Remember “Too Many Cooks?” It was a parody of the sweet but corny opening credits sequences found on countless TV shows from the 1970s and ‘80s.
Like much in this age of fleeting fads it was everywhere for a while and then cast into the pop culture scrap heap.
I thought they pushed it too far, but before it progressed to twisted extremes it definitely nailed the look and feel of those vintage introductions. You could have inserted the season two credits for Angie into the mix and no one would have been the wiser.
I’ve always had a particular fondness for credit sequences, because with each new show and sometimes each new season you never knew what you were going to get. It’s an exercise in creative marketing that I compared to movie posters back when I used to collect them.
There is no correlation between the quality of a film and the quality of the poster that promoted its exhibition. Some of the most beautiful and sought-after one-sheets advertised forgettable films, while several classics inspired unimaginative images.
It’s the same with the opening credit sequences. Some matched the quality of the series they introduced. Others did not, but were granted a pass from fans because of their proximity to beloved shows.
No such passes will be given here. In choosing the five worst Comfort TV opening credits sequences, it would be easy to cherry-pick terrible examples from forgotten shows like Sirota’s Court and Misfits of Science. But let’s go after some bigger game.
Gidget
This is a show about a smart and free-spirited Southern California beach girl in 1965. Surf rock dominated radio that year, with the Beach Boys releasing “Help Me Rhonda” and “California Girls.” As Chandler Bing might say, “Could there be a more natural tie-in?”
But instead of reverb guitars and odes to Wilson brother harmonies, the theme song by Johnny Tillotson sounds like the kind of 1950s pop you’d expect to introduce My Little Margie ten years earlier. If they had to go in that direction, they should have kept the cocktail pop song used in the 1959 Gidget film, sung by James Darren. Even that one has more oomph.
It’s not just the music that disappoints. The sequence consists of a succession of still photos, not taken from the series, that accomplish something almost impossible – they make Sally Field look less than adorable.
The Many Loves of Dobie Gillis
The jazz theme is more appropriate to Dobie’s sidekick Maynard G. Krebs, though by the end of the first season TV’s original beatnik had already begun his transition into Gilligan with a goatee.
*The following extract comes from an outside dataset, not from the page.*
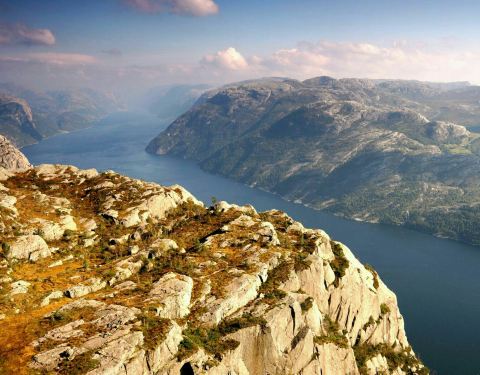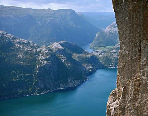布道石(Pulpit Rock)地处挪威南部,靠近斯塔万格市的吕瑟峡湾中部,是一块天然形成的巨石,突兀地直立于峡湾深处的崇山峻岭中,垂直落差600多米,顶部是一个平台,整块石头的线条像刀削一样平直,它是挪威的峡湾旅游标志。据悉被美国有线电视新闻网(CNN)旗下的旅游及生活网站CNNGO,评为全球50处最壮丽的自然景观的首位。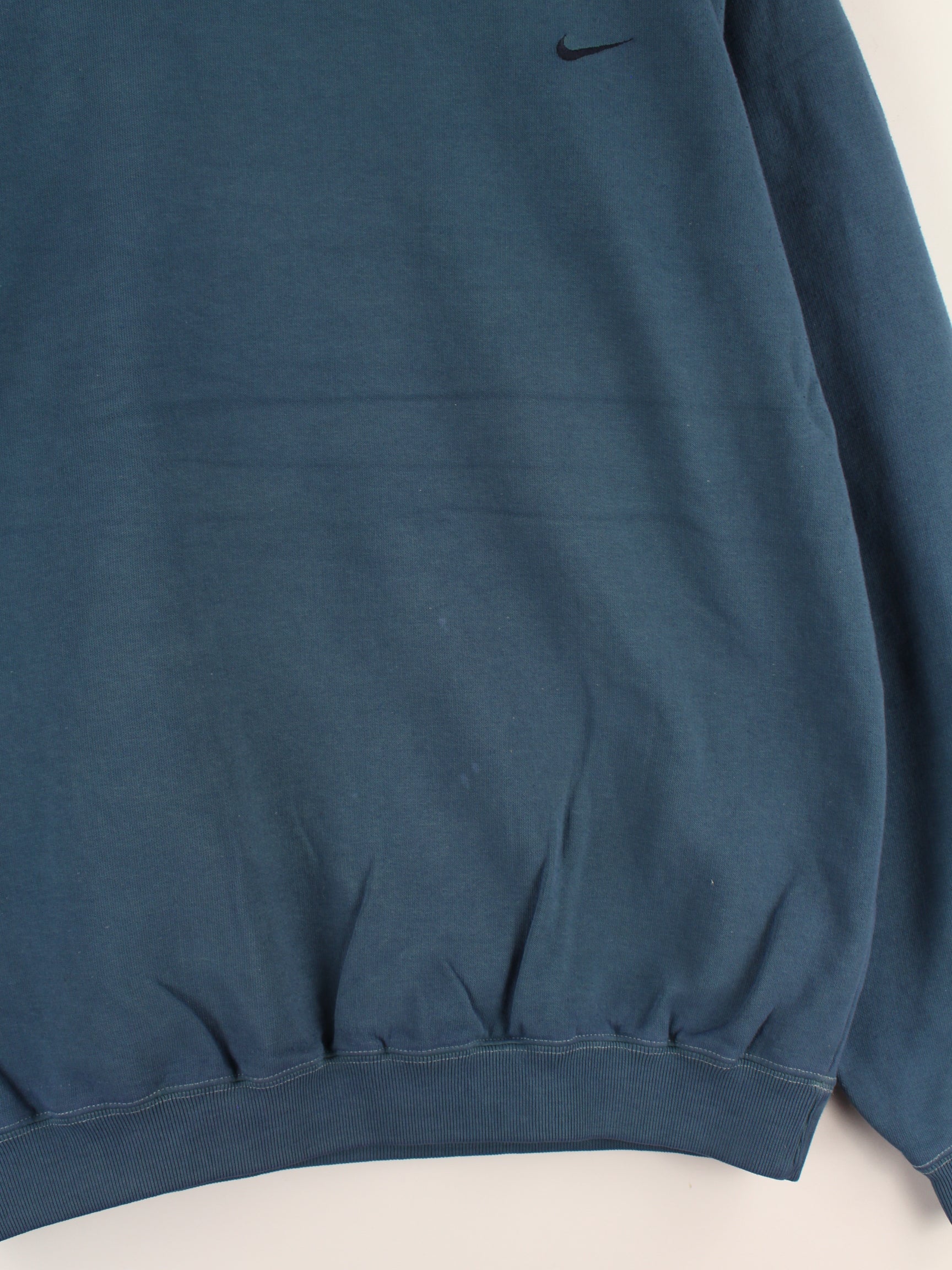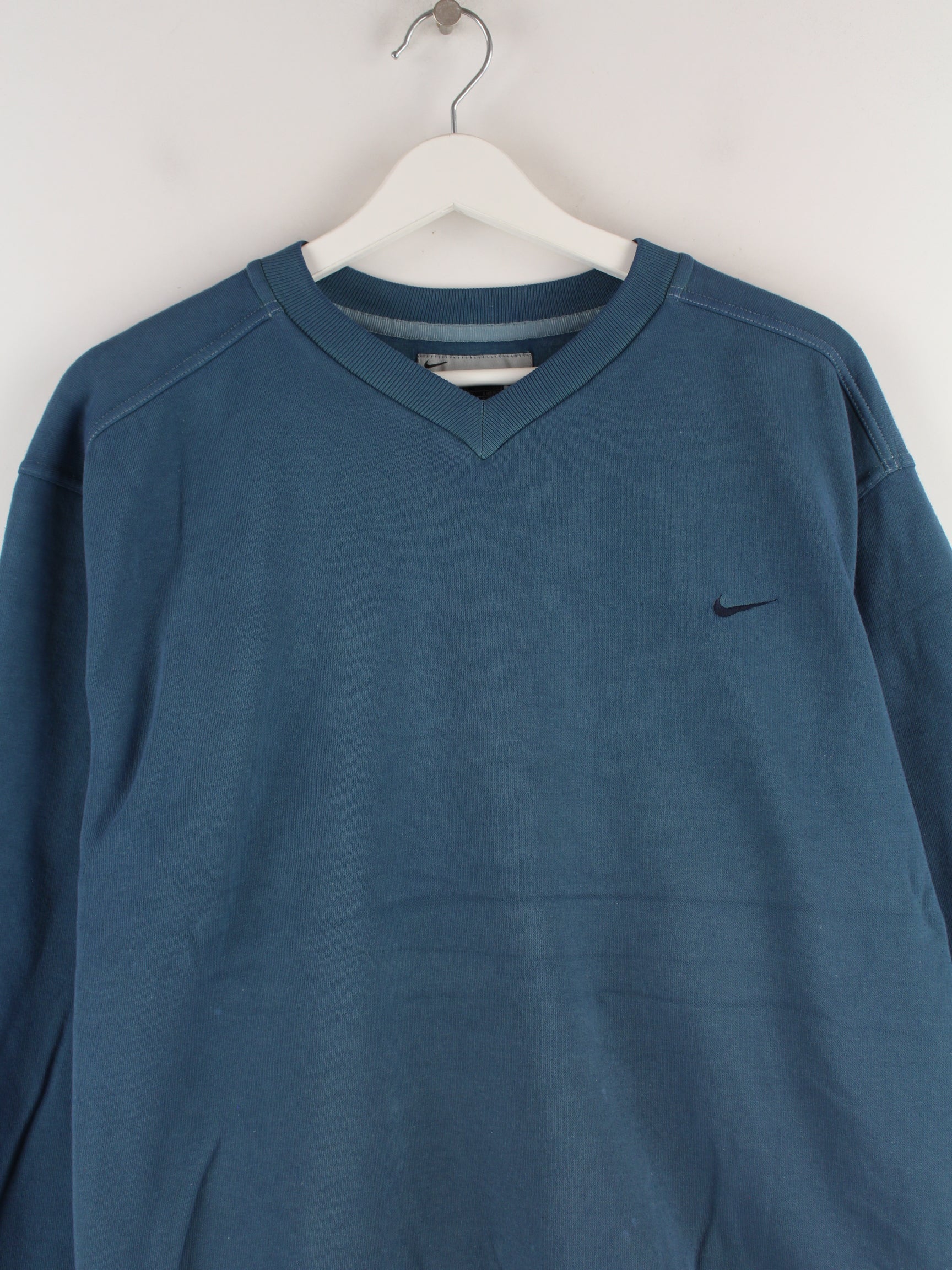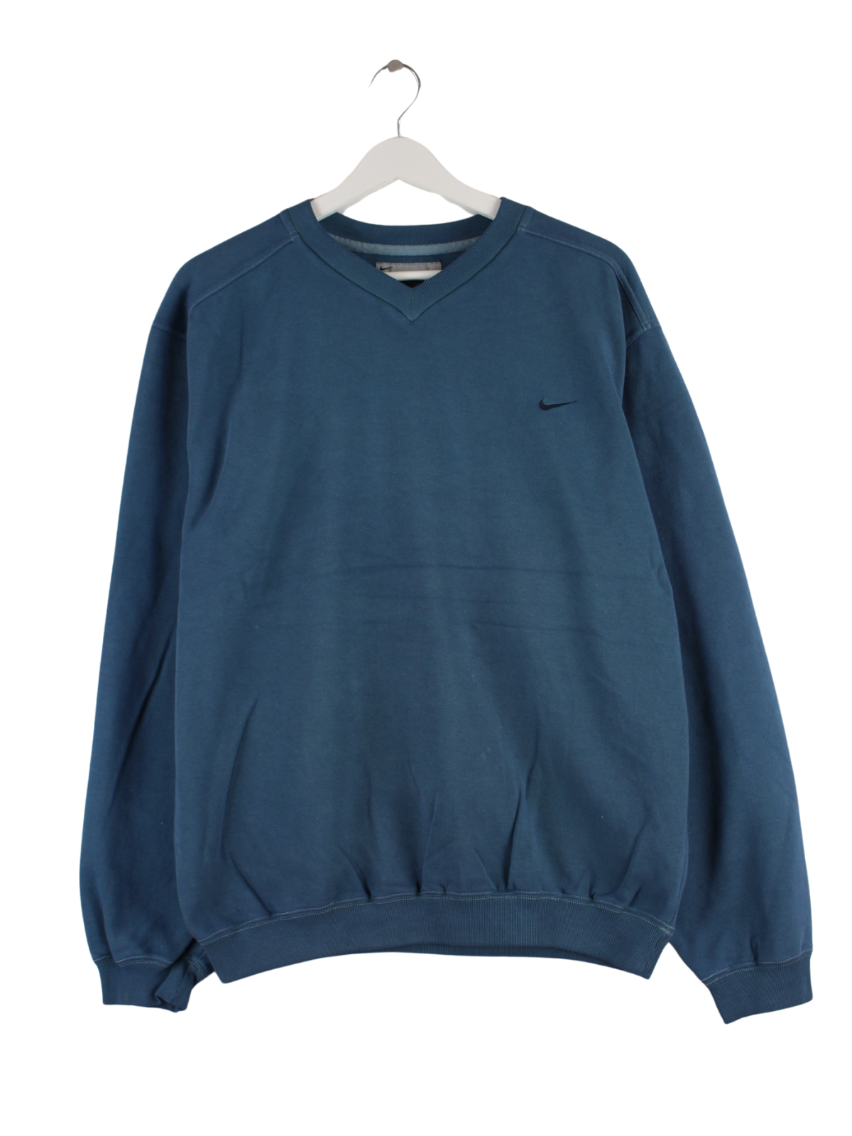 Blue sweater from the brand Nike in size M. It is made of a cotton blend and is in stock in good condition.

And the crude animation depicting Dobie as a sinister-looking peeping tomalso doesn’t match the girl-crazy but mild-mannered character played by Duane Hickman.
Phyllis
Here we have the opening credit sequence as a 55-second joke, from set-up to punch line. Maybe you think the idea is funny, but is it still funny by episode 17?
And even though in 1975 we were not yet the hypersensitive nation we’ve since become, I’m surprised more people were not taken aback by an intro that opens with a line of minstrel show performers in blackface.
The Ropers
This one almost reaches the point where it’s so bad it almost comes around to being good again. Certainly the music has an earworm quality, but just having the cast stand one by one before different colored backdrops and do silly bits of business makes the whole sequence looks like something that was conceived and shot in about 20 minutes. And why is Patricia McCormack playing tennis?
The Lucy Show
I grew up watching this series in syndication, when every episode opened with the Kaleidoscope-style credits that debuted in season four. But in its original run, The Lucy Show tried and discarded other credit sequences that were unworthy of a TV icon.
The show’s third season was introduced with a seemingly random assemblage of episode clips, both black and white and color, that play to overly whimsical music snippets. According to The Lucy Book the visual discrepancy didn’t matter as the series was still being telecast in black and white – but now it just looks sloppy. However, even that attempt was preferable to the one introduced in season five, which had Lucy’s head popping out of an animated jack-in-the-box, while multicolored balls bounced around the screen, with appropriately cheesy musical accompaniment.
It was used only on one episode before the show reverted back to the previous season’s credits, but has been preserved for posterity on the season five DVD set.